Tinkercoin Will Sell You $20 in Bitcoin - But Only Once

NEWS
Danny Bradbury
Mar 4, 2014 at 15:00 UTC  |  Updated  Sep 19, 2014 at 14:41 UTC

UPDATE (19th September 2014 14:39 BST):

The team behind Tinkercoin has suspended this service and moved on to other bitcoin projects. 


A Canadian company is selling bitcoins via credit card - but it'll only sell you $20-worth, and it'll only do it once.

Founded back in February 2012, Ontario-based Tinkercoin has only opened its service today. Initially serving North America, it is focusing on the market for new bitcoin users who don't have any idea how to set themselves up with the new currency.

Co-founder Gareth MacLeod explains that the team kept encountering friends who had heard about the digital currency, but were put off by traditional exchanges with their know-your-client rules. He said:

"It's designed for someone who has heard of bitcoin and it's in their head, but they never took the plunge. Or maybe they did, but then [incumbent Canadian bitcoin exchange] Virtex asked them for a utility bill."

Instead, the developers decided to create a near-zero effort service for users. They provide a credit card number, sign up for an account, and nominate a wallet.

Tinkercoin lets users nominate their own wallet, but also offers to set up a Coinbase one for them. They make a payment, and their coins drop into the wallet. Tinkercoin only sells $20 of bitcoins, and it will only make one sale per customer.

No regulatory worries

"It's my job to keep tabs on [the] regulatory environment. There's almost no future in which selling $20 of bitcoins to someone will label you as any kind of significant money transfer businesses," said MacLeod, explaining how he expects to fly under the regulators' radar in both the US and Canada with his service.

Money transmission licenses simply don't cover firms dealing at his level, he suggests. "In the US, it starts at $1,000 per person per day. We sell $20 to one person, ever." Once a person has bought their $20 of bitcoins, they'll have to go elsewhere.

For this reason, he is equally unflustered by recent comments from Canadian finance minister Jim Flaherty about his plans to regulate bitcoin in Tinkercoin's home country.

This seems to go against most online business models, which focus on customer retention rather than customer acquisition, which is often a high-cost activity. But there is no shortage of willing users, argues MacLeod.

"I have 25 friends off the top of my head who think that bitcoin is interesting but they don't know where to start. We're not worried that there's gonna be any shortage of new bitcoin users in the next five years. Bank of America said that there were 1 million total bitcoin users in North America right now, so there are still 329 million left to go. We're happy with that for now."

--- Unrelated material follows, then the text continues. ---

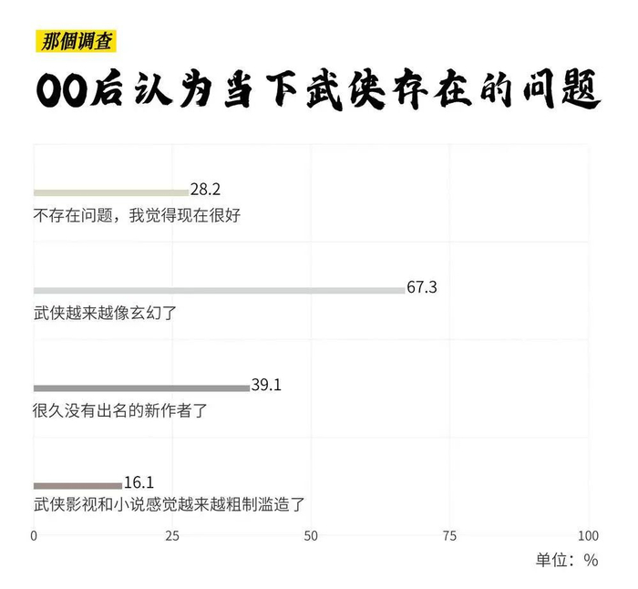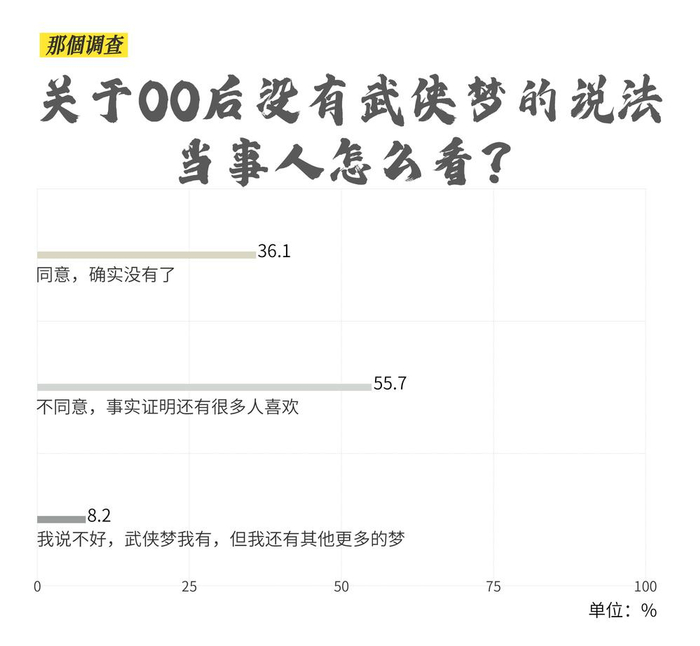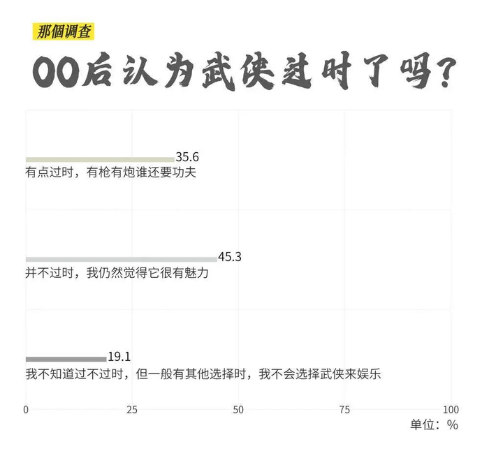 三分之二00后受访者在问卷中斩钉截铁地表示,“武侠并不过时,我仍然觉得它很有魅力”,只有四分之一的受访者认为“武侠有点过时”。
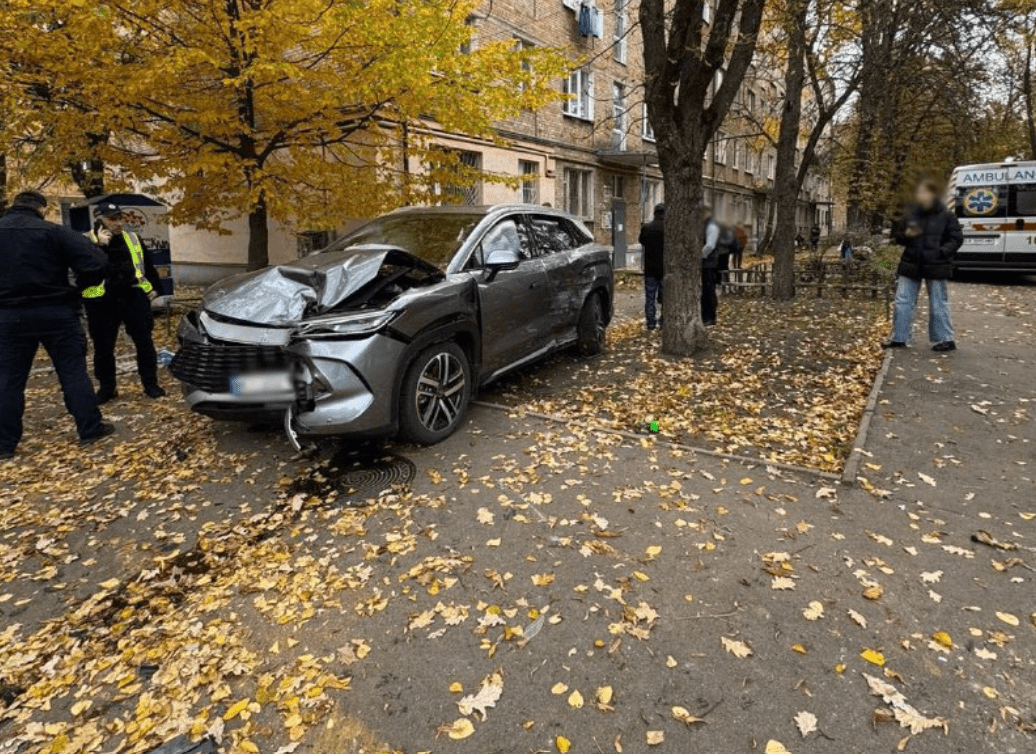 У Шевченківському районі столиці 17 жовтня на вулиці Салютній зіткнулися вантажівка Mercedes-Benz Sprinter та авто BYD. Китайський автомобіль викинуло на тротуар, постраждали троє перехожих, серед них мала дитина. Також госпіталізували водія легковика та його сина.

The firm's fees are relatively high. Most KYC exchanges will service a customer's bitcoin-buying needs for roughly a 3% cut. Tinkercoin takes a flat $5 fee, so customers hand over $25 to get their $20 of coins.

That's a whopping 25% fee for the service, which prices itself based on Bitstamp's exchange rate. "We view it as a flat fee for the super-easy user experience," he said.

However, MacLeod says that a lot of the firm's resources went on securing a credit card payment processor willing to work with a bitcoin company (more on that here). The costs of dealing with the processor are "extraordinarily expensive", he said, reducing his margin to around 5-6%.

There are 1 million bitcoin users in North America right now, so there are still 329 million left to go.

Tinkercoin is working with at least one credit card fraud prevention service provider to help it reduce the risk of credit card fraud, says MacLeod, who spent a short stint as a software engineer specialising in security at Facebook.

Measures include matching the country associated with a user's IP address against the issuing country of the card being used, for example.

This would be a straightforward high-volume, low-value business if all the firm was doing was chewing through new users. However, there's also another facet: customers have to sign up for an account, which means that the firm will have their email address, potentially turning the business into a large bitcoin-focused list-building operation. The service gathers your email address by requiring a connection with your Facebook account.

Brokerage service

MacLeod says that options open to Tinkercoin in the future include becoming a more fully-featured brokerage service, like BTCQuick.

That service, which also offers credit or debit card-based sales (but without the single purchase constraint), has 26,000 users. As long ago as October last year, it showed CoinDesk documents indicating that it had hit $2m in sales. BTCQuick follows anti-money laundering practices.

Tinkercoin may find it competing with ATM machines that are opening (and temporarily closing) across the country, although MacLeod says that they serve slightly different markets.

In any case, "a rising tide raises all ships," he says. Another competitor could be QuickBT, another business based north of the border, which sells bitcoin via Interac, Canada's online payments network. The service, built largely on Python and hosted on Heroku, launched today.